Excerpt from Boss Whistle: Vancouver Island Miners Remember by Lynne Bowen:

Everyone who worked in Number One or Protection in the 1930’s knew James “Daisy” Waugh.  They knew him for his prowess on the soccer field and for his sunny nickname derived from the days when he brought his mother the fresh white and yellow flowers from the daisy field back of Robins Park.  He loved parties, and there was no better night for parties in Nanaimo than New Year’s Eve.  On that night there were dances everywhere, and there was first footing, the good-luck custom practiced by Scots that required a dark-haired man to be the first over the threshold after midnight to bring in the new year.

Daisy and his young wife Ethel were planning to dance at the Pygmy Ballroom* on its marvelous sprung floor before midnight and then join their fellow Scots on the rounds of their neighbours.  But Daisy had to work the evening shift in Protection mine.  He debated whether to skip work, but decided he was lucky to have a job, and had better not risk losing it, especially with a ten-month-old son to support. (Note by gw – obituary says his son was 3 monhs old)

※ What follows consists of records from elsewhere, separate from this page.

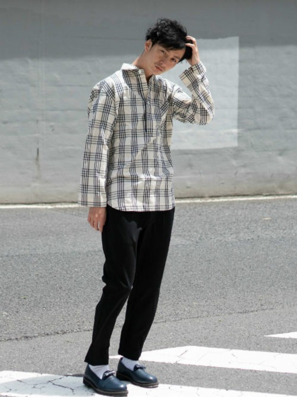 プルオーバータイプのコットンリネンチェックシャツで、ちょっと可愛い雰囲気のコーディネート。
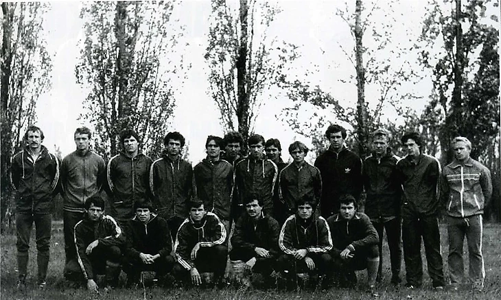 МЕТАЛЛИСТ-84. Одна из самых КОМБИНАЦИОННО-Зрелищных Команд в Чемпионате СССР-1984 г. Слева направо. Стоят: КАМАРЗАЕВ,Тарасов,Бондаренко,Сааков,---,---,ИВАНОВ,МОТУЗ,Сусло,Сивуха. Сидят: ТАЛЬКО,КРАМАРЕНКО,ЯКУБОВСКИЙ,---,Братчиков,Ярмак (подписаны только игроки основного состава)
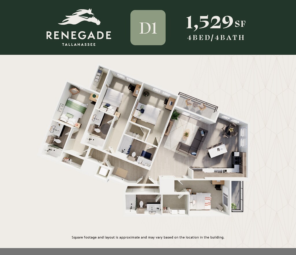 Modelo de apartamento: D14 Dormitorios, 4 Baños, 1529 sq ftDisponible Ahora![]()
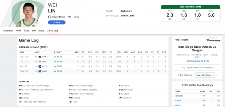 足球比分网11月26日讯 中国球员林葳所在的俄勒冈大学,今日背靠背作战,最终80-97不敌圣地亚哥州立大学。 比赛下半场,林葳连续两次命中标志性跳投,连拿5分。 全场比赛,林葳出战...
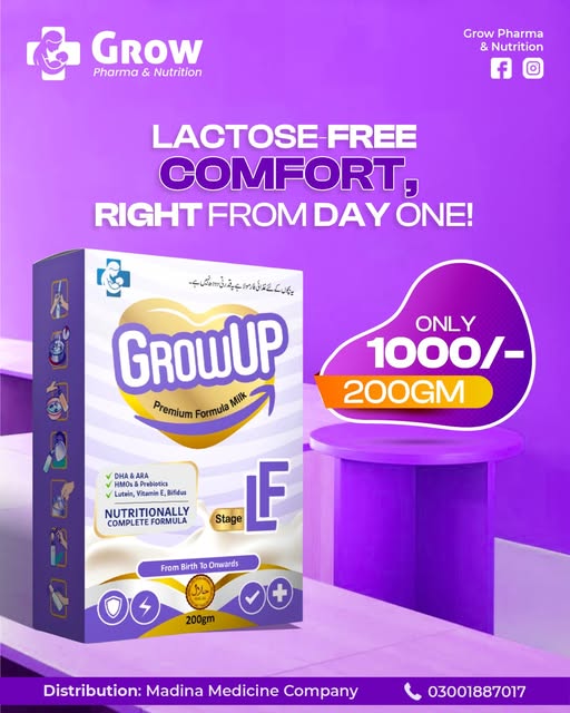 GrowUp LF by Grow Pharma & Nutrition is specially formulated for infants with lactose sensitivity β€” providing complete, balanced nutrition without discomfort.
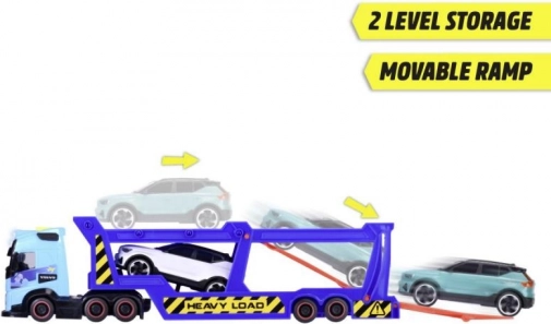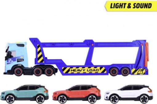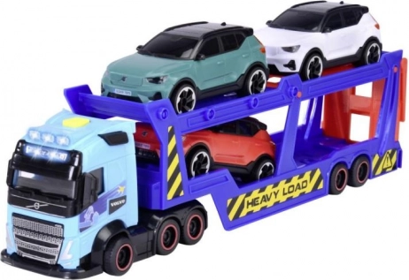 Realistična avtovleka VOLVO FH16 bo razveselila vse male voznike. Ponuja svetlobne in zvočne učinke, prosti tek za gladko vožnjo in prikolico za prevoz avtomobilov. Del pakiranja so 3 avtomobili VOLVO XC40 RECHARGE. Dolžina seta je 40 cm.
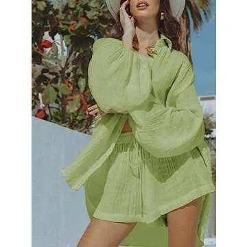 Show moreIntroducing the Fixmatti 2 Piece Summer Shorts Set, a must-have for every stylish woman seeking comfort without sacrificing fashion. Crafted with premium lightweight linen, this casual shorts and shirt combo offers the ideal balance of breathability and chic style. The set features a button-down shirt with sophisticated lantern sleeves and a high-waisted shorts design, making it perfect for a variety of occasions, whether you're lounging at home or exploring a sunny beach destination. Choose the lovely Light Green shade to exude a refreshing elegance during the warm summer months.
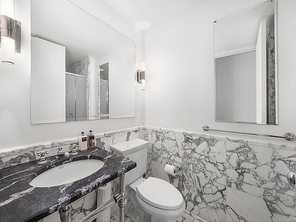 On the south side, a private bedroom suite glows with natural light from double southern and western exposures and includes its own en-suite bath. Across the home, the primary suite commands western views over Central Park and offers a walk-in closet, additional custom closets, and a spa bath with soaking tub, standing shower, double vanity, and built-ins. The third bathroom, finished in marble with a full standing shower, serves the main living area with elegance.
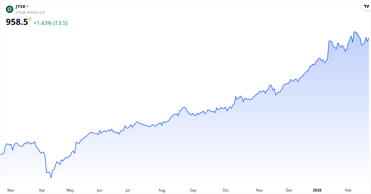 Nyheden: Bestyrelsesmedlem Ingjerd Blekeli Spiten har den 5. februar 2026 købt 530 Jyske Bank aktier til kurs 950,5 på handelsplads XDNB. Den samlede købspris er 503.765 kr. Handlen er indberettet som en ordinær markedstransaktion og indikerer ledelsens tillid til selskabet. Beløbet er væsentligt, hvilket typisk er et positivt signal for aktien. (dato: 2026-02-05 15:11)
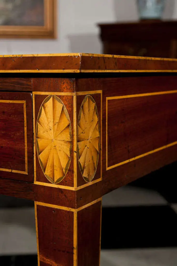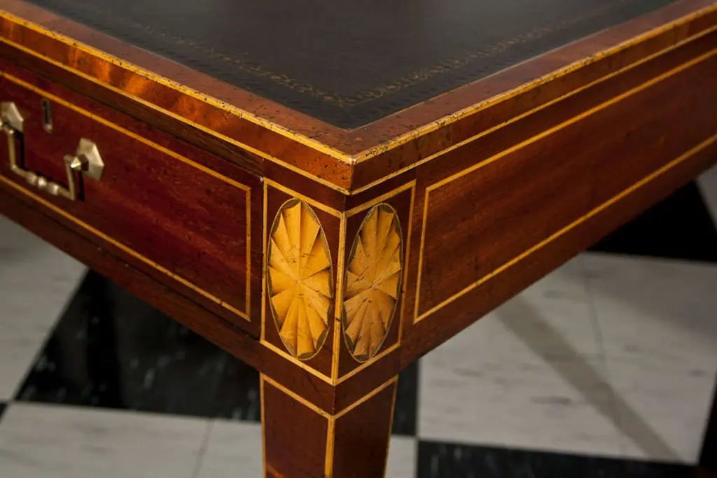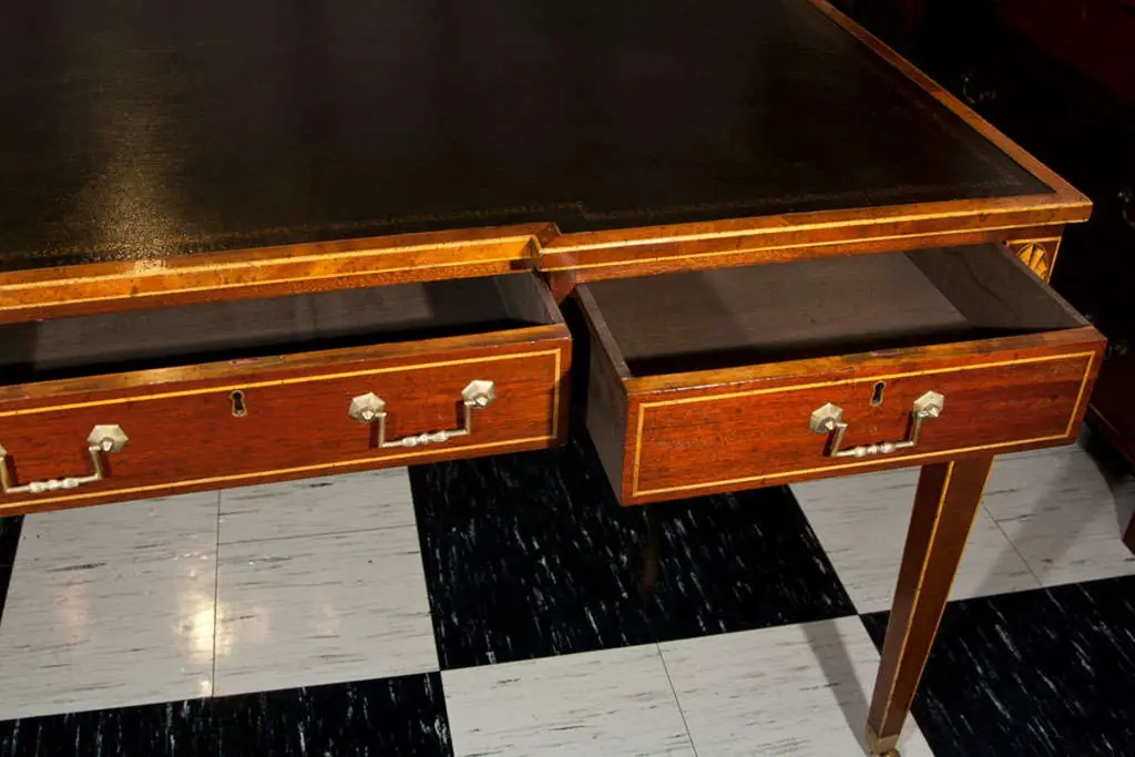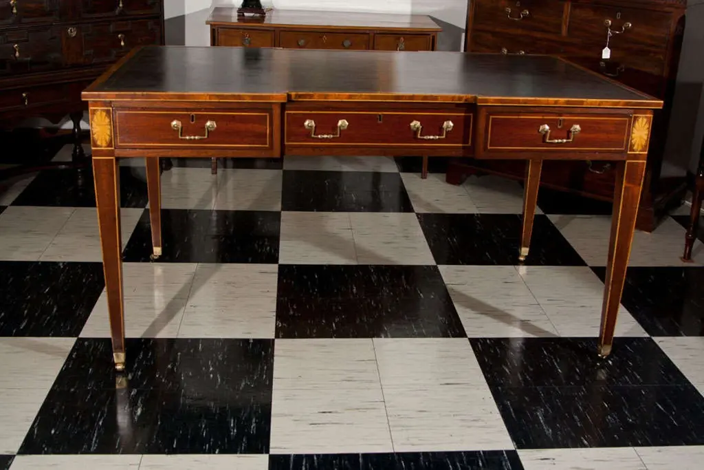 Mahogany shaped top partners writing table with satinwood stringing and inlaid fan medallions. Black/green, antiqued and gold tooled leather top. Three drawers each side with antiqued brass bail hardware; tapered legs with satinwood stringing ending in brass toecaps and casters.

As Ethel laid out his dancing clothes for later, Daisy debated whether he would wear rubber boots or hobnails for work.  Rubber boots made sense when the floor of the mine was wet, but hobnails were more comfortable.  Twice he put on the rubber boots only to take them off and finally he chose the hobnails.  With a promise to meet Ethel at the Pygmy in time to go first footing, he went to work the afternoon shift in the Cobble Hill section of Number One mine.

There was going to be a great time in Nanaimo that night and some of the boys were rushin’ out to get to the dance a little early before shift change.  You could see their lights going by as they went along the main motor level.  So we decided to pack up and go too.  We could see this light wavin’ ahead of us and all of a sudden – whoof.  I says, “We’d better go and have a look.”  It was poor Daisy and he was dead.  God knows what happened.  The only thing we could see was a burn mark on his temple.

Daisy had been walking along the main motor level with a friend when he noticed some machinery that intrigued him sitting on a siding.  As he stood on the rail to get a better look, his head touched a copper trolley wire and he died instantly of electric shock.  Had he been wearing his rubber boots, he would have been all right.

When the news reached Nanaimo, orchestras fell silent in one dance hall after another.  Grieving family and friends trudged home through the heavy snow that had fallen that night.  Four days later, players from the city football team carried their teammate to the cemetery.

* Note: The Pygmy Ballroom was one of the five dance halls in Nanaimo.  It was a popular Nanaimo jazz mecca in the 1930s and 40s and  Louis Armstrong and Harry James both performed there. The site is now the fiesta Bowling Alley.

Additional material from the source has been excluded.